- [What is required]
Here is the task for the records below: repeat exactly the lines from the one with "Na Starym Rynku" to the one with "会议第一项,预备党员汇报有关", both included, and nothing else.

- [Source information]
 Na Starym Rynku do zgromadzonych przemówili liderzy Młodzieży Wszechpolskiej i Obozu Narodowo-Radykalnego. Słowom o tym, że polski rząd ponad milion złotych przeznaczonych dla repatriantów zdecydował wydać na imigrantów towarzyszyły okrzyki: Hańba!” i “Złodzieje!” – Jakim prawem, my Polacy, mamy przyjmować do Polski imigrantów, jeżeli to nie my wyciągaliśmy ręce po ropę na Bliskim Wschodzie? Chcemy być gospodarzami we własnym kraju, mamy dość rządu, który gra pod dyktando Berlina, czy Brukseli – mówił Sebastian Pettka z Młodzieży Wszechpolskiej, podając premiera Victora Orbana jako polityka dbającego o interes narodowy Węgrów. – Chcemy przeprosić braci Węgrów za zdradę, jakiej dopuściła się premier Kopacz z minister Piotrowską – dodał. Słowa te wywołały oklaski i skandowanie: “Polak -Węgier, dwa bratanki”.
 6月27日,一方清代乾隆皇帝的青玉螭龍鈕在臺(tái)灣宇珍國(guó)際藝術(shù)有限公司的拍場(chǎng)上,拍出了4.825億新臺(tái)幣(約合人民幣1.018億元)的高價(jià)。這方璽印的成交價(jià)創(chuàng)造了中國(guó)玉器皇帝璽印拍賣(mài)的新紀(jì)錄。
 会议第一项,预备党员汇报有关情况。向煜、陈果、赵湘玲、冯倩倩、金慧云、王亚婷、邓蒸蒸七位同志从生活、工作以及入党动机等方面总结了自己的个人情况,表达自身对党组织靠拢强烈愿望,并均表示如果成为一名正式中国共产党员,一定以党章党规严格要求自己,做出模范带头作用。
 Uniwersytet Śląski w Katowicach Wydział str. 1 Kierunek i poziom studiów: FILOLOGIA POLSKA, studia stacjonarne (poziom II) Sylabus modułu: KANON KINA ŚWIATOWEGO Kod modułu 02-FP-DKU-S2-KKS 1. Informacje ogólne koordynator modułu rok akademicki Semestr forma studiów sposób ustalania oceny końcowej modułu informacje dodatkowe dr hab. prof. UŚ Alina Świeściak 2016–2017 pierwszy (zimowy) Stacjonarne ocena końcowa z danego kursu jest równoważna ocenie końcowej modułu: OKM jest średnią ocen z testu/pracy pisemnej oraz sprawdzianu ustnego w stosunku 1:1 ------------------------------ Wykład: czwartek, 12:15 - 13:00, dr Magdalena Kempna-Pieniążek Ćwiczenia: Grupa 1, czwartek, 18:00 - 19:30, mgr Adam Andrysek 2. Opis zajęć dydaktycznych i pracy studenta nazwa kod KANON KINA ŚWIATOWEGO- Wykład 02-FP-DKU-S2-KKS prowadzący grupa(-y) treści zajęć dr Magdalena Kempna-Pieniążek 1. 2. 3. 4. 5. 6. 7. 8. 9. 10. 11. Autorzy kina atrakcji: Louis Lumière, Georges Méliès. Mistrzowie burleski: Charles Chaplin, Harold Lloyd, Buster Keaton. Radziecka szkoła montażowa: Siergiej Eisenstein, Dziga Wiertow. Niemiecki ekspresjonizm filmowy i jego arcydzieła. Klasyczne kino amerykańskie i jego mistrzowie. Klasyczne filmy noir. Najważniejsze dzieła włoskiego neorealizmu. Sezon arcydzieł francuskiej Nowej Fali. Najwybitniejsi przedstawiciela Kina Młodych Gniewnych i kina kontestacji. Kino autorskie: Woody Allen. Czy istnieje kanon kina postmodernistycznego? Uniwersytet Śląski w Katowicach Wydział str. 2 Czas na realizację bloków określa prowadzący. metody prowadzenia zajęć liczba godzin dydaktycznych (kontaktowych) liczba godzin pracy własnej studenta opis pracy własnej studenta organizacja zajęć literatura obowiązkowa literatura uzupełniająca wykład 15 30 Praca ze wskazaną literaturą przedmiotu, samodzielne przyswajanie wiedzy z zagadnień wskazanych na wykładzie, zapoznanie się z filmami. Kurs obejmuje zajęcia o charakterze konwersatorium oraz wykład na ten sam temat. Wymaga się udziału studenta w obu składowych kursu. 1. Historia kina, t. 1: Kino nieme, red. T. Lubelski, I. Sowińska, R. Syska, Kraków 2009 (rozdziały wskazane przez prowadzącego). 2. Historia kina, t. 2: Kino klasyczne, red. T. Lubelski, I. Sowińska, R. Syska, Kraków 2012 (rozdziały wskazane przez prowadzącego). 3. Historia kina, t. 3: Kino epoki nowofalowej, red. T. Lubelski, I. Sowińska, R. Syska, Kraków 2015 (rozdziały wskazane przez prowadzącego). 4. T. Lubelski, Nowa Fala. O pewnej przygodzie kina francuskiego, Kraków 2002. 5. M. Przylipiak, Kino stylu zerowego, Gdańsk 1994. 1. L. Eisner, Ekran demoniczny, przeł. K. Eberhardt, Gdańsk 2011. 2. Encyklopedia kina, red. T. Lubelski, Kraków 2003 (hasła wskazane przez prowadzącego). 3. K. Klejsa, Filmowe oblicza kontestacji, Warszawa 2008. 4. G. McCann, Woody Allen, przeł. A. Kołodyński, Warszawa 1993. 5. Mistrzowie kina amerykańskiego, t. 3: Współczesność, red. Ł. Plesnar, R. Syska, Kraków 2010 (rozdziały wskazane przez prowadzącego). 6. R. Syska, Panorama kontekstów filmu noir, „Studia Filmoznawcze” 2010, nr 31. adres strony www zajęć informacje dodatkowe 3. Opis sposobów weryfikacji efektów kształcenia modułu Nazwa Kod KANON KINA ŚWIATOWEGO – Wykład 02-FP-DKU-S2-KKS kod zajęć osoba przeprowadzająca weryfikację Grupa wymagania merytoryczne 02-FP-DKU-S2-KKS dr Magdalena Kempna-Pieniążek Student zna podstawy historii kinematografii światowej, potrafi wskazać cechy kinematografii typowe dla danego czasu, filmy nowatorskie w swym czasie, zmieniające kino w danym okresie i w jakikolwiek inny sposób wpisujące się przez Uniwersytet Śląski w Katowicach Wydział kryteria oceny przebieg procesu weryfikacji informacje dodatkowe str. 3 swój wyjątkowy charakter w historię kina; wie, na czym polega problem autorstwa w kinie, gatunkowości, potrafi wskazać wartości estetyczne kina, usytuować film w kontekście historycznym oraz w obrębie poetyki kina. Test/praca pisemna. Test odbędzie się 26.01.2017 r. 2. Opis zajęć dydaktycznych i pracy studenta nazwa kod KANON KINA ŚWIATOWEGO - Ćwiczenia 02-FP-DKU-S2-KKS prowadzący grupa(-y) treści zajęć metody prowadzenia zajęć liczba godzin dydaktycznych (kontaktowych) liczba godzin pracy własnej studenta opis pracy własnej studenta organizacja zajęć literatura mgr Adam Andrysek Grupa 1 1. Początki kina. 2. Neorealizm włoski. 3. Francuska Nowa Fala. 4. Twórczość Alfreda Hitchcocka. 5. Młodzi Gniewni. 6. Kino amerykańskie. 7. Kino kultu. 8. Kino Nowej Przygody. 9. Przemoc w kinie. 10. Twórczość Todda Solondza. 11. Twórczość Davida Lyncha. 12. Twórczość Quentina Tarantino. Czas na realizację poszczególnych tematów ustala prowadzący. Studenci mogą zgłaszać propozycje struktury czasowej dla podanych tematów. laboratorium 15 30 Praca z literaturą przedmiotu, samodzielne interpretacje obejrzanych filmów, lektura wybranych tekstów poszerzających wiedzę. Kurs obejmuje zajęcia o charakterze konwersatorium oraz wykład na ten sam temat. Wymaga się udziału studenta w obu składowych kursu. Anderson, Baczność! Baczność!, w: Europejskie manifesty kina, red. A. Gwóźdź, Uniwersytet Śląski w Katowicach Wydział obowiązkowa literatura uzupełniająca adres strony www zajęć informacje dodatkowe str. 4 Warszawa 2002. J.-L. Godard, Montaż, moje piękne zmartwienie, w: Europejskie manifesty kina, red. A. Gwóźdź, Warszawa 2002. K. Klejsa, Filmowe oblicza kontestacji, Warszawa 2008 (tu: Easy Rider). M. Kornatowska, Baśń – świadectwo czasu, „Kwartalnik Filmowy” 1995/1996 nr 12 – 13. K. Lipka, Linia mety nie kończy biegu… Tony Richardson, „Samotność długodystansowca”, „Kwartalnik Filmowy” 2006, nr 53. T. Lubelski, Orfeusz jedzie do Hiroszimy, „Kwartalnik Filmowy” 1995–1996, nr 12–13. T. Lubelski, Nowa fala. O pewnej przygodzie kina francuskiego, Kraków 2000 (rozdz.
==
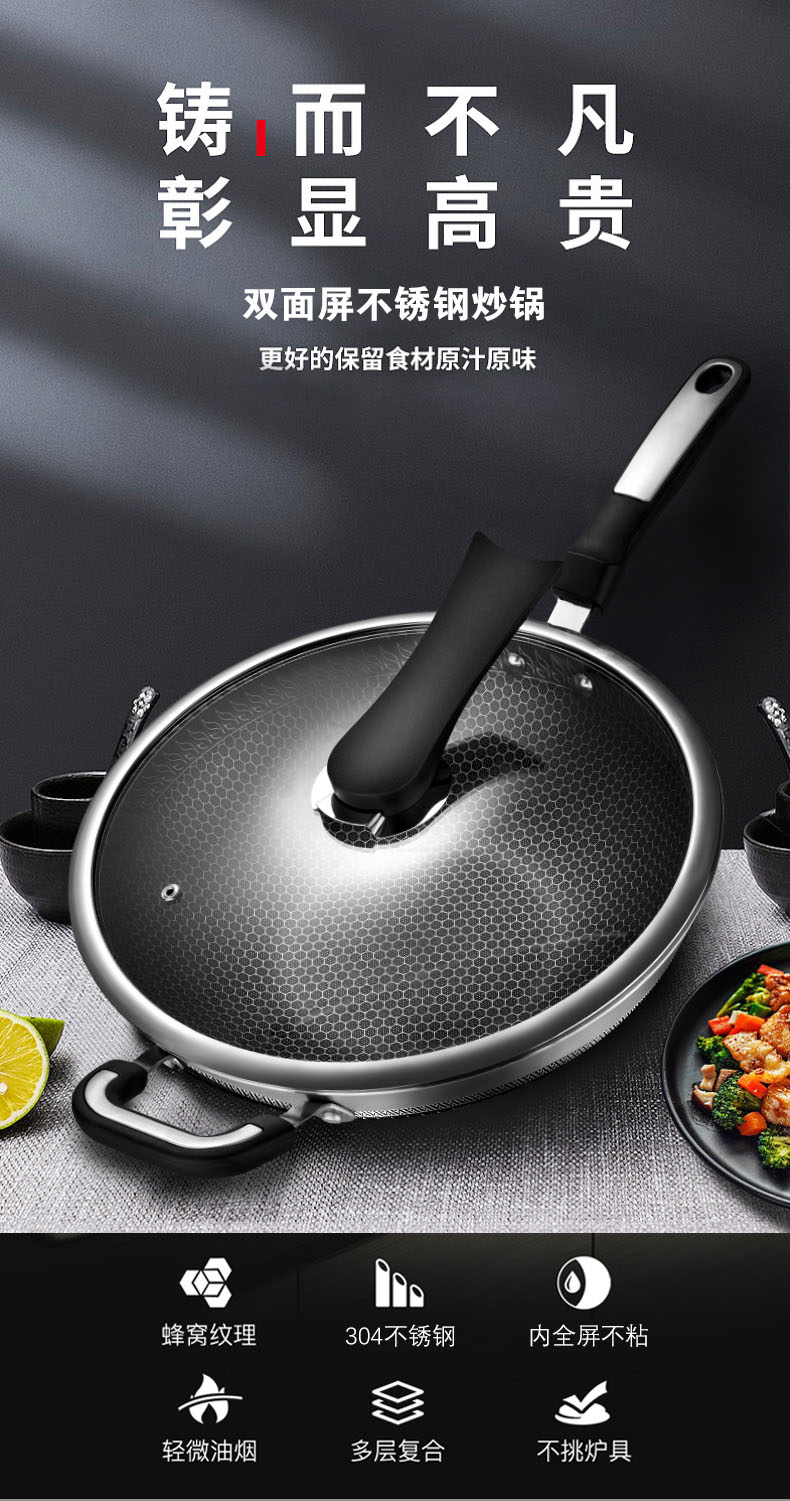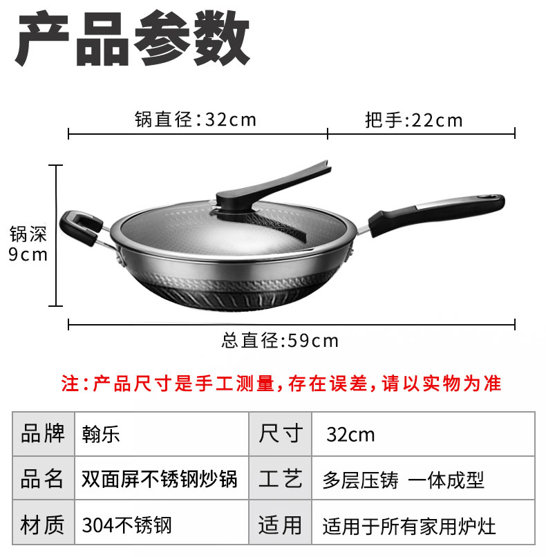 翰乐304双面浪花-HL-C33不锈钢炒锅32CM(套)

- [Answer to this exercise]
 Na Starym Rynku do zgromadzonych przemówili liderzy Młodzieży Wszechpolskiej i Obozu Narodowo-Radykalnego. Słowom o tym, że polski rząd ponad milion złotych przeznaczonych dla repatriantów zdecydował wydać na imigrantów towarzyszyły okrzyki: Hańba!” i “Złodzieje!” – Jakim prawem, my Polacy, mamy przyjmować do Polski imigrantów, jeżeli to nie my wyciągaliśmy ręce po ropę na Bliskim Wschodzie? Chcemy być gospodarzami we własnym kraju, mamy dość rządu, który gra pod dyktando Berlina, czy Brukseli – mówił Sebastian Pettka z Młodzieży Wszechpolskiej, podając premiera Victora Orbana jako polityka dbającego o interes narodowy Węgrów. – Chcemy przeprosić braci Węgrów za zdradę, jakiej dopuściła się premier Kopacz z minister Piotrowską – dodał. Słowa te wywołały oklaski i skandowanie: “Polak -Węgier, dwa bratanki”.
 6月27日,一方清代乾隆皇帝的青玉螭龍鈕在臺(tái)灣宇珍國(guó)際藝術(shù)有限公司的拍場(chǎng)上,拍出了4.825億新臺(tái)幣(約合人民幣1.018億元)的高價(jià)。這方璽印的成交價(jià)創(chuàng)造了中國(guó)玉器皇帝璽印拍賣(mài)的新紀(jì)錄。
 会议第一项,预备党员汇报有关情况。向煜、陈果、赵湘玲、冯倩倩、金慧云、王亚婷、邓蒸蒸七位同志从生活、工作以及入党动机等方面总结了自己的个人情况,表达自身对党组织靠拢强烈愿望,并均表示如果成为一名正式中国共产党员,一定以党章党规严格要求自己,做出模范带头作用。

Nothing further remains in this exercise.